A commit references this bug: Author: mav Date: Wed Nov 21 18:18:57 UTC 2018 New revision: 340737 URL: https://svnweb.freebsd.org/changeset/base/340737 Log: Revert r340096: 9952 Block size change during zfs receive drops spill block It was reported, and I easily reproduced it, that this change triggers panic when receiving replication stream with enabled embedded blocks, when short file compressing into one embedded block changes its block size. I am not sure that the problem is in this particuler patch, not just triggered by it, but since investigation and fix will take some time, I've decided to revert this for now.
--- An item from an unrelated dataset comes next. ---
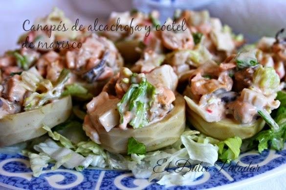 Necesitas: alcachofas enlatadas cortadas en corazones, coctel de marisco(mahonesa, marisco cocido)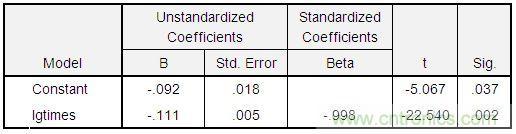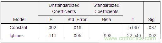lg(ratio) = -0.092 – 0.111*lg(times),通過(guò)t檢驗(yàn),此方程關(guān)系非常顯著,如下表。

PR: 198457, 233277 Changes: head/sys/cddl/contrib/opensolaris/uts/common/fs/zfs/dmu_send.c
Don't know if this is helpful, but the panic only seems to happen in current. I can't get it to trigger applying r340096 to 11.2-RELEASE or 12.0-RELEASE. It seems to fix the spill block issue and I haven't been able to trip the panic on either branch. I can trip it on current. This is with very light testing so far.
No it isn't helpful because the panic doesn't happen because invariants aren't enabled on the release branches. Enabling them brings the panic back. Sorry for the noise.
Seems like base r340737 fixed this one. Not sure why it is still open.